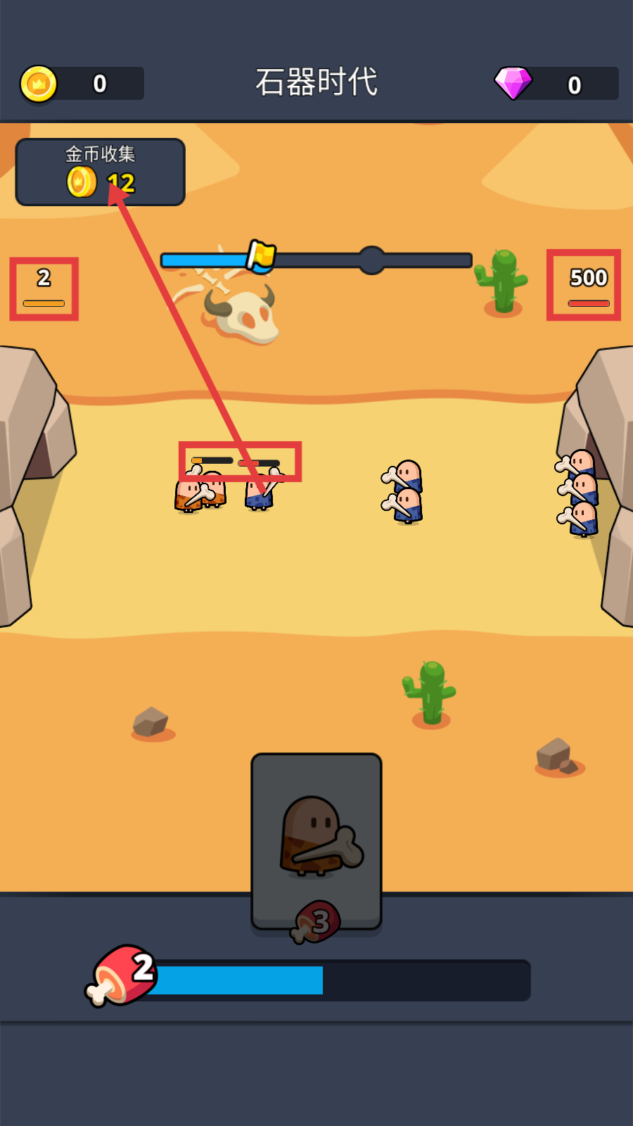 2、注意【金币收集-12】的提示,通过击败敌人等方式收集金币,积累资源,注意双方基地血量,敌我实力悬殊,我们要合理安排每个士兵。
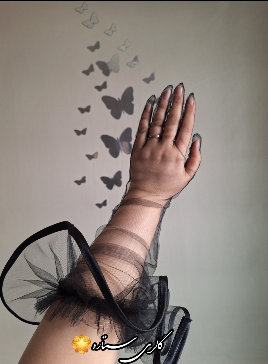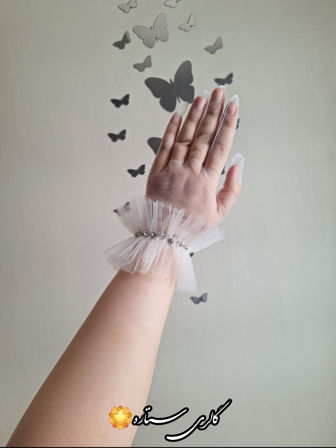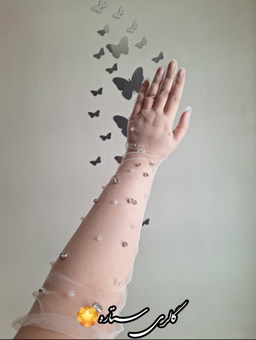 دستکش مجلسی زنانه طرح پاپیون – دیزاین شده با سنگ اتریشی و تور ظریف فرانسوی
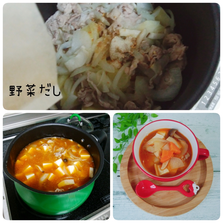 水1400cc、ダシダ大さじ2、アミの塩辛大さじ2、コチュジャン大さじ2、酒大さじ1、醤油大さじ1、ごま油大さじ1、砂糖大さじ2〜3、にんにくチューブ2〜3cm、唐辛子大さじ1/2、野菜だし1袋、これでスープができます。
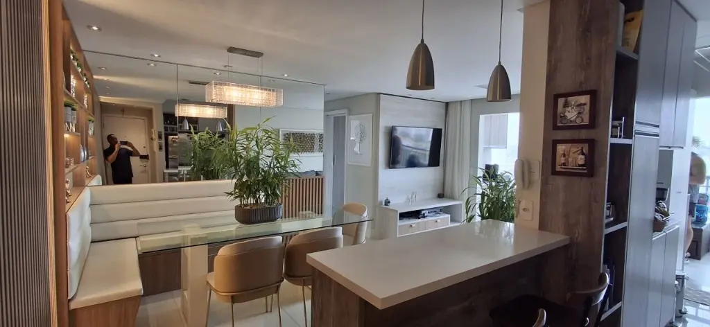 EXECELENTE APARATAMENTO TOTALMENTE MOBILIADO COM GELADEIRA, FOGÃO, MICRO-ONDAS, COIFA, LAVA SECA, FILTRO DE AGUA GELADA, MESA DE JANTAR, CAMA QUEEN BOX CASAL, VENTILADOR DE TETO NOS DORMITÓRIOS, VARANDA GOURMET COM FECHAMENTO EM VIDRO, TELA DE PROTEÇÃO E MOSQUITEIRO EM TODAS AS JANELAS, AQUECIMENTO À GÁS PARA AS DUCHAS.

Work instruction: All that is needed here is the run of lines from the one containing "دستکش مجلسی زنانه" through the end of the material above, reproduced exactly and without pictures.

Reply:
 دستکش مجلسی زنانه طرح پاپیون – دیزاین شده با سنگ اتریشی و تور ظریف فرانسوی
 水1400cc、ダシダ大さじ2、アミの塩辛大さじ2、コチュジャン大さじ2、酒大さじ1、醤油大さじ1、ごま油大さじ1、砂糖大さじ2〜3、にんにくチューブ2〜3cm、唐辛子大さじ1/2、野菜だし1袋、これでスープができます。
 EXECELENTE APARATAMENTO TOTALMENTE MOBILIADO COM GELADEIRA, FOGÃO, MICRO-ONDAS, COIFA, LAVA SECA, FILTRO DE AGUA GELADA, MESA DE JANTAR, CAMA QUEEN BOX CASAL, VENTILADOR DE TETO NOS DORMITÓRIOS, VARANDA GOURMET COM FECHAMENTO EM VIDRO, TELA DE PROTEÇÃO E MOSQUITEIRO EM TODAS AS JANELAS, AQUECIMENTO À GÁS PARA AS DUCHAS.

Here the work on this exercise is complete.